The Lexikon des Mittelalters (lit. 'Lexicon of the Middle Ages'; LMA or LexMA) is a German encyclopedia on the history and culture of the Middle Ages. Written by authors from all over the world, it comprises more than 36,000 articles in 9 volumes. Historically the works range from Late Antiquity to about 1500, covering the Byzantine Empire and the Arab world .

The first six volumes were published by Artemis Publishing, Munich and Zürich; volumes seven through nine by LexMA, Munich. In 2000, an electronic (standalone) edition of the Lexikon was published on CD-ROM by Brepols.

==Reception==
The first volume was widely praised upon publication; G.A. Holmes, in The English Historical Review, foresaw that the entire encyclopedia would be "a valuable reference work of a kind which medievalists hitherto lacked." H. Chadwick, in The Journal of Theological Studies, called the lexicon "a necessary and valuable work of reference." Its coverage of subjects related to Islam was praised, though the same reviewer called the coverage of topics related to Judaism "comparatively modest."
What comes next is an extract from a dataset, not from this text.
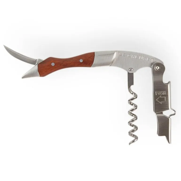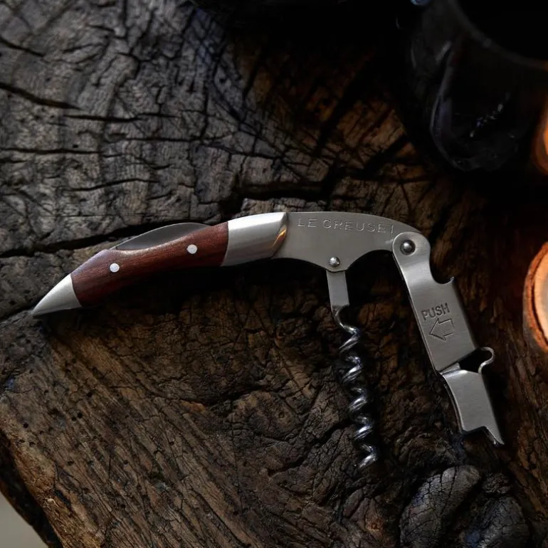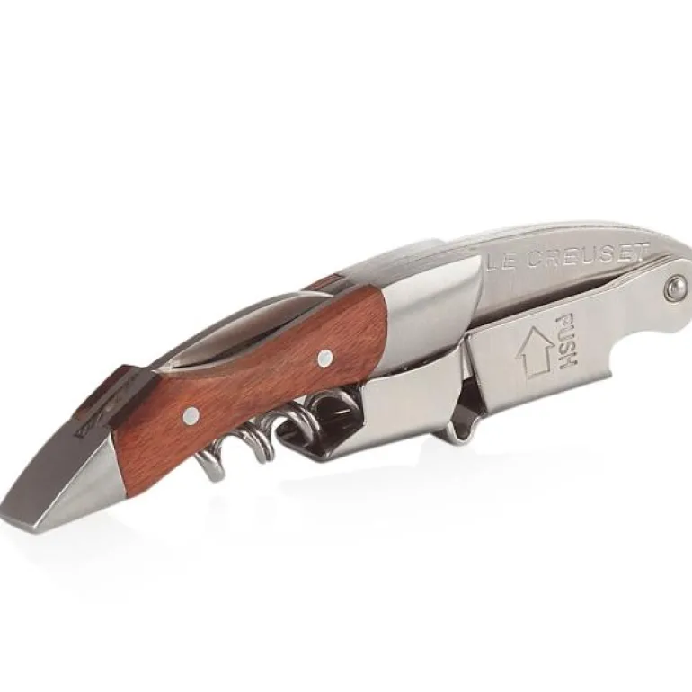 Le Creusets WT-110-kelnerkorketrekker er en populær korketrekker til både profesjonell bruk og for amatører. WT-110 har et patentert totrinnssystem som gjør det enkelt å trekke korken ut av flasken uten å skade korken. Kelnervinåpneren har dessuten ytterligere to verktøy som kan foldes ut, en flaskeåpner og en liten, praktisk kniv for å fjerne folien på flaskehalsen. Korketrekkerens størrelse gjør den perfekt å ta med på pikniken, eller å ha liggende på bordet, i barskapet eller på bardisken. Den er også veldig grei å ha i lommen.

The CD-ROM edition was chosen as one of the "Selected Reference Books of 2001-2002" by College & Research Libraries.

==Editions==
- Lexikon des Mittelalters. 10 vols. Munich: Artemis, 1980–1999. ISBN 3-423-59057-2. Full edition, vol. 10 contains indices. Vols. 7–9 published by LexMA.
- Lexikon des Mittelalters. Stuttgart: Metzler, 1999. ISBN 3-476-01742-7. Abridged "study" or "pocket" edition, no separate index volume. Reprinted by Deutschen Taschenbuch, 2003.
- Lexikon des Mittelalters Online. Turnhout: Brepols, 2009. ISBN 978-2-503-52415-3.